# Thread: Are these derivatives correct?

1. ## Are these derivatives correct?

Find the derivative of $(xy+1)^3 = x - y^2 + 8$ using implicit differentiation. Do not simplify.
$(xy+1)^3 = x - y^2 + 8$

$3(xy+1)^2 \cdot (y + x \cdot \frac{dy}{dx}) = 1 - 2y \cdot \frac{dy}{dx}$

$y + x \cdot \frac{dy}{dx} + \frac{2y \cdot \frac{dy}{dx}}{3(xy+1)^2} = \frac {1}{3(xy+1)^2}$

$x \cdot \frac{dy}{dx} + \frac{2y \cdot \frac{dy}{dx}}{3(xy+1)^2} = \frac {1}{3(xy+1)^2} -y$

$\frac{dy}{dx}[x + \frac{2y}{3(xy+1)^2}] = \frac {1}{3(xy+1)^2} -y$

$\frac{dy}{dx} = \frac {\frac {1}{3(xy+1)^2} -y}{x + \frac{2y}{3(xy+1)^2}}$

The question stated not to simplify, so this would be my final answer.

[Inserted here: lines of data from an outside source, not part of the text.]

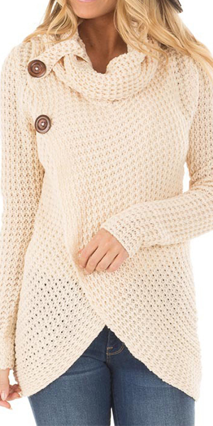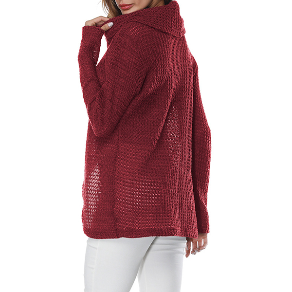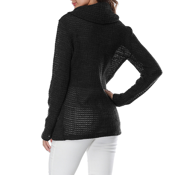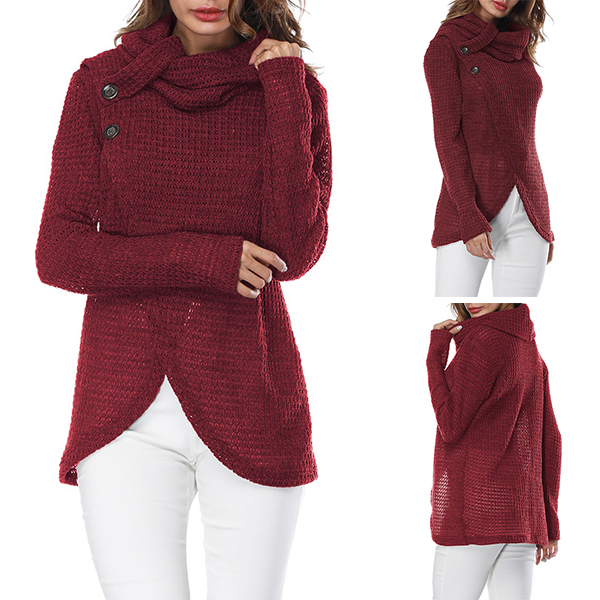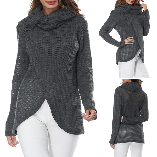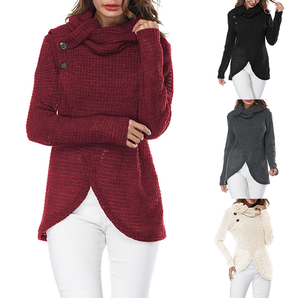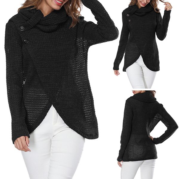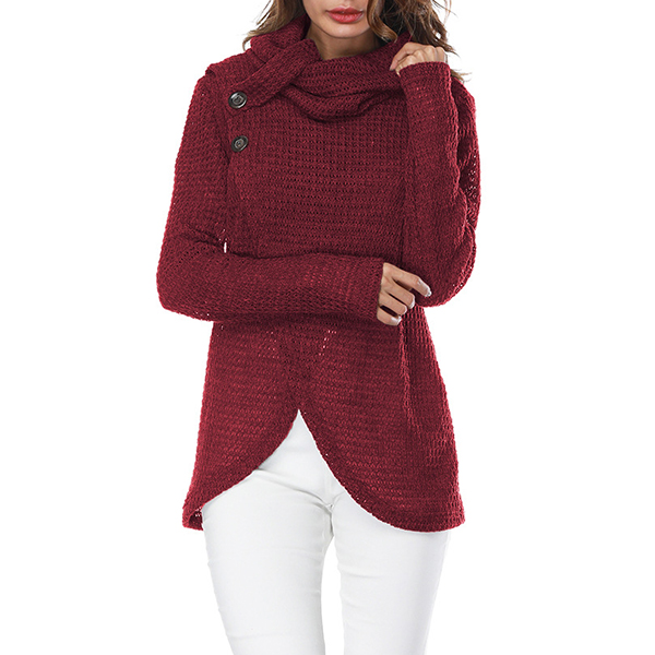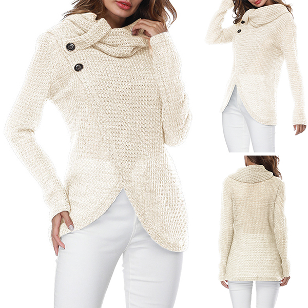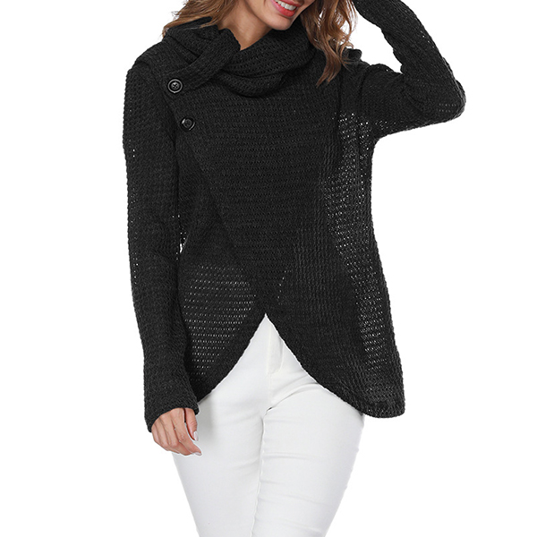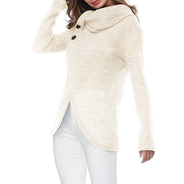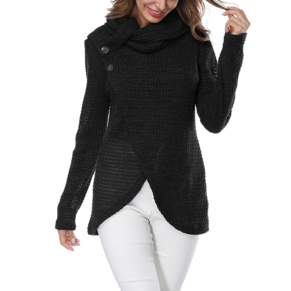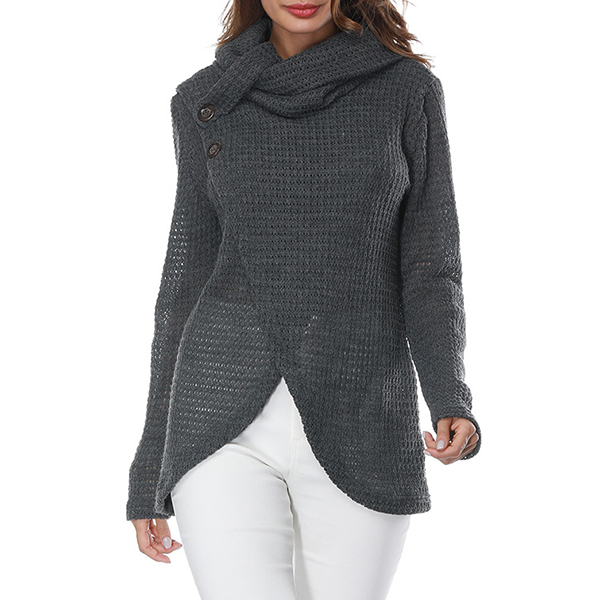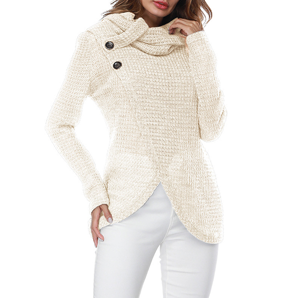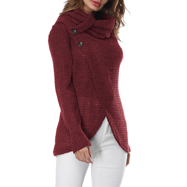 Fashion Solid Color Long Sleeve Turtleneck Irregular Hem Sweater
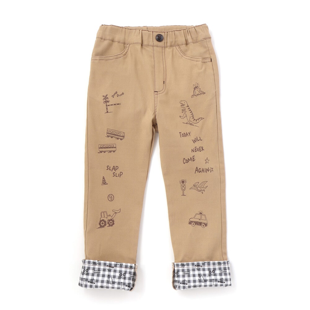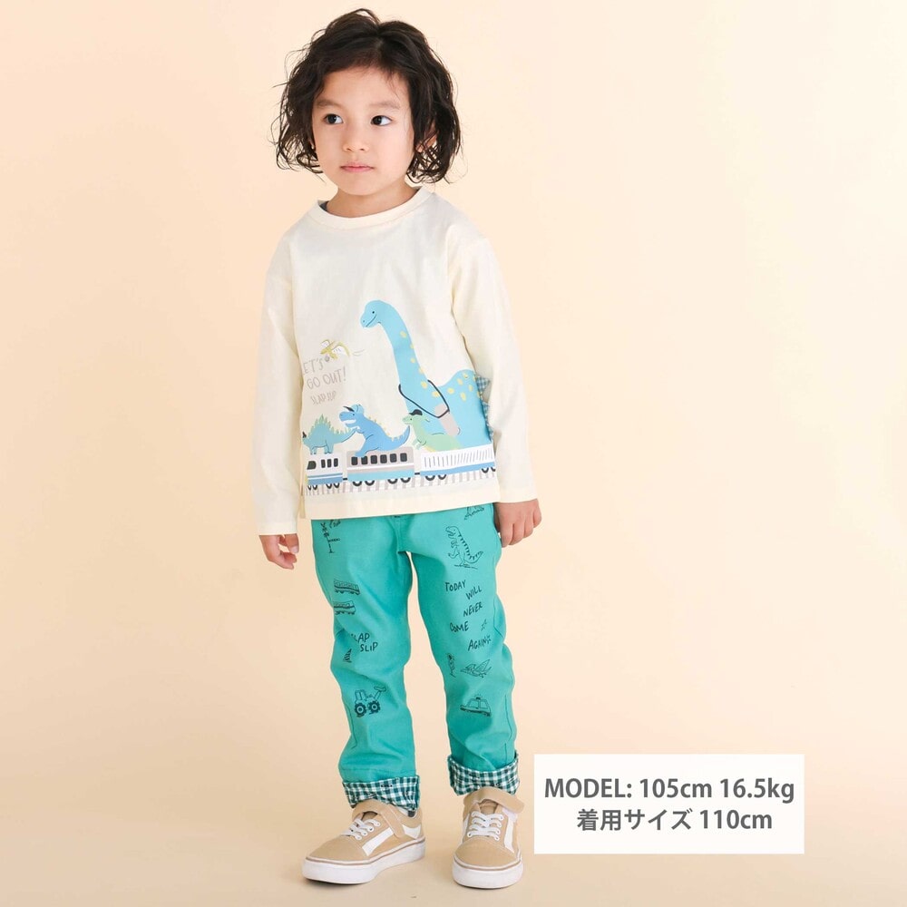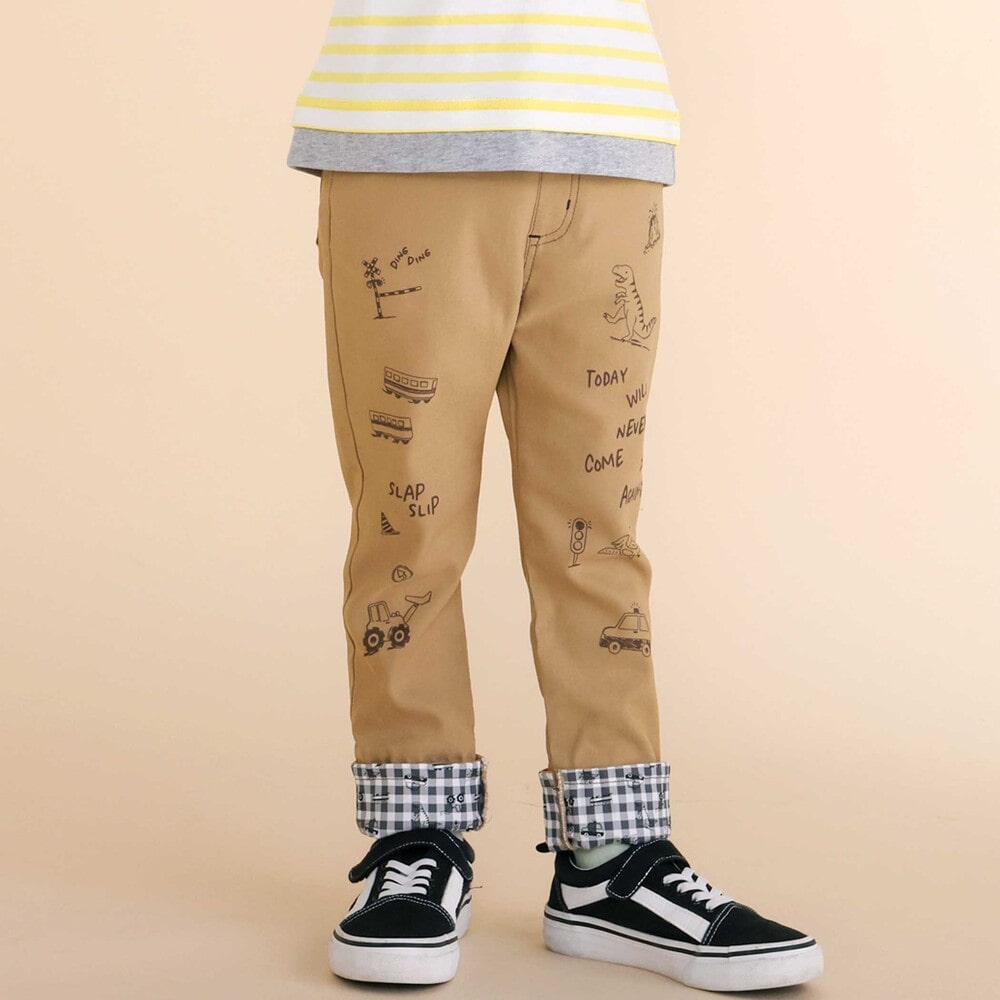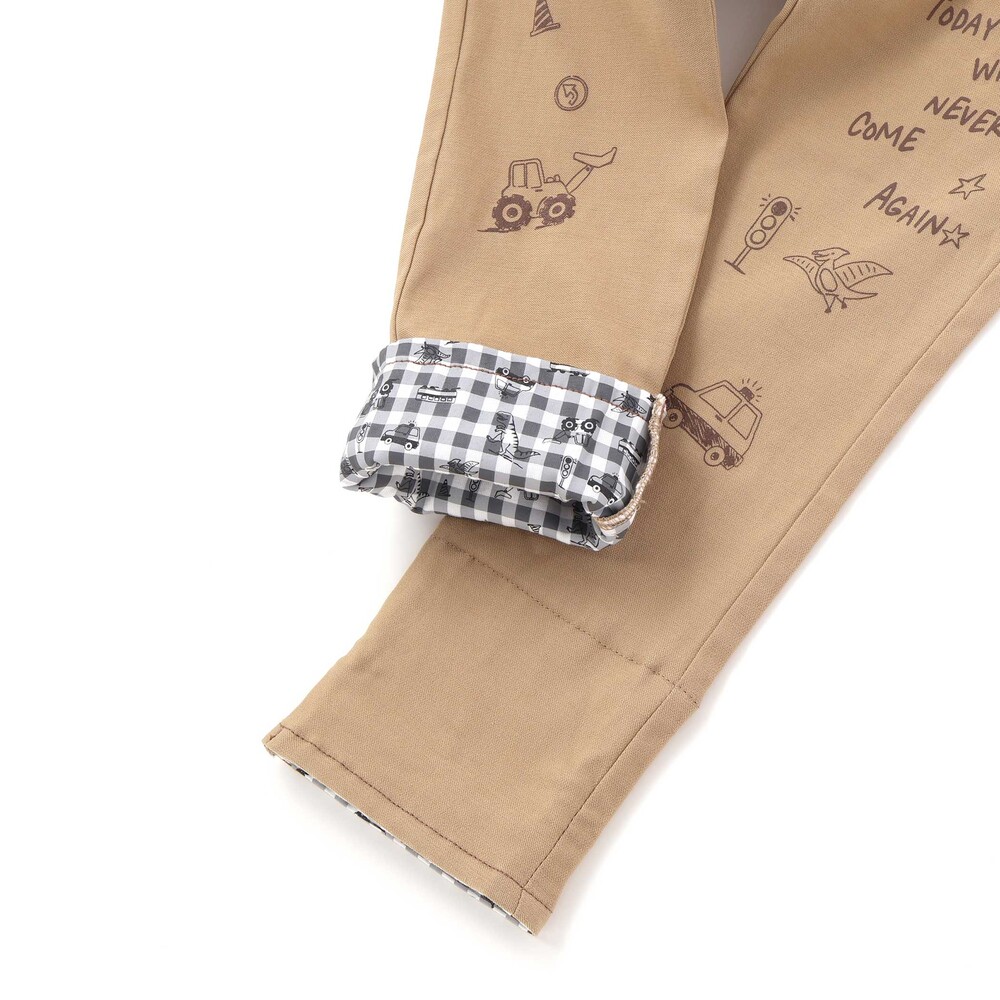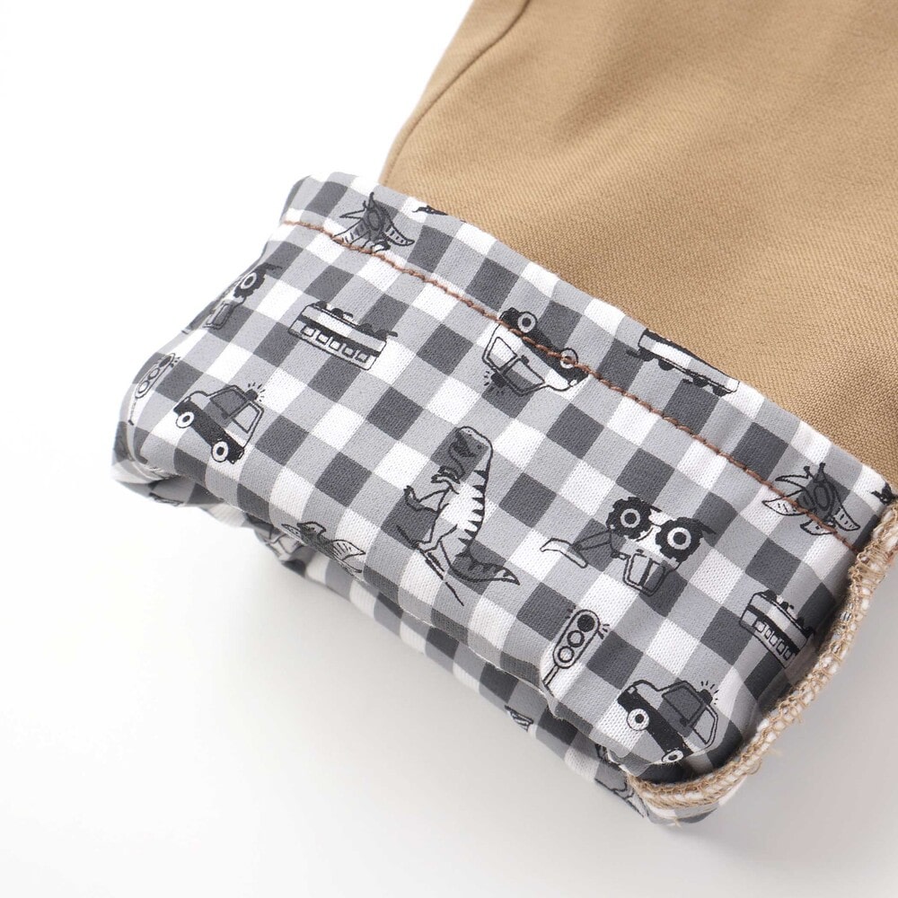 裾を折り返すと、チェック柄をベースに恐竜やはたらく車を散りばめた総柄デザインが現れ、コーディネートに遊び心をプラス。
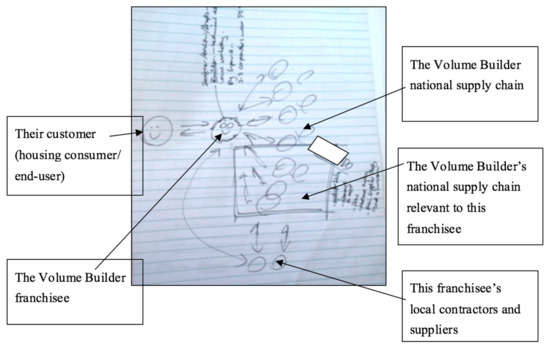 Warren-Myers and Heywood [4] theorized the central role of the Volume Builder in the industrialized Design and Construct approach that is evident in Australian new residential construction. The evidence here showed the dominance of Volume Builders regarding both the traditional demand-side actor, the customer (consumer), and the supply-side actors of the supply chain. A selection of diagrams drawn by the different respondents (Figure 5, Figure 6 and Figure 7) highlights their centralized role in the process. An example from each of the different builder types are included to demonstrate that although the product type varies, fundamentally their relationship with customers/consumers and supply-side actors are similar, and they see themselves as a central conduit between the customer and the supply side.
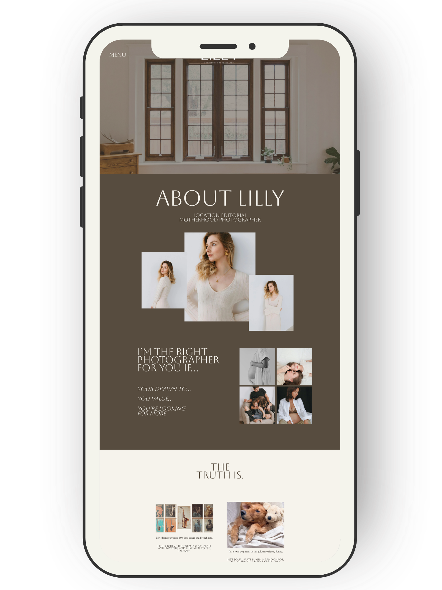 Easter Lilly was created for family and motherhood photographers This template is photography-forward, meaning once you add your images, your work becomes the focal point in a classic, elevated way. It gives you that high-end presence while keeping warmth and connection at the center.

Find the derivative of $\sin(xy) + x = e^y$ using implicit differentiation. Do not simplify.
$\sin(xy) + x = e^y$

$\cos(xy) \cdot (y + x \cdot \frac{dy}{dx}) + 1 = e^y \cdot \frac{dy}{dx}$

$\cos(xy) \cdot (y + x \cdot \frac{dy}{dx}) - e^y \cdot \frac{dy}{dx} = -1$

$x \cdot \frac{dy}{dx} - \frac{e^y \cdot \frac{dy}{dx}}{\cos(xy)} = \frac{-1}{\cos(xy)} - y$

$\frac{dy}{dx}[x - \frac{e^y}{\cos(xy)}] = \frac{-1}{\cos(xy)} - y$

$\frac{dy}{dx} = \frac{\frac{-1}{\cos(xy)} - y}{[x - \frac{e^y}{\cos(xy)}]}$

I opted to not use logarithmic differentiation for some reason. Is this solution still valid?

Thanks a lot!

2. ## Re: Are these derivatives correct?

They look fine to me.

I don't think that logarithmic differentiation would have helped .

3. ## Re: Are these derivatives correct?

Thanks for the response!

The other people in my class that I talked to said that they used logarithmic differention; I haven't tried it yet with this one yet.

Though, as long as they're correct, that's all that matters at the moment.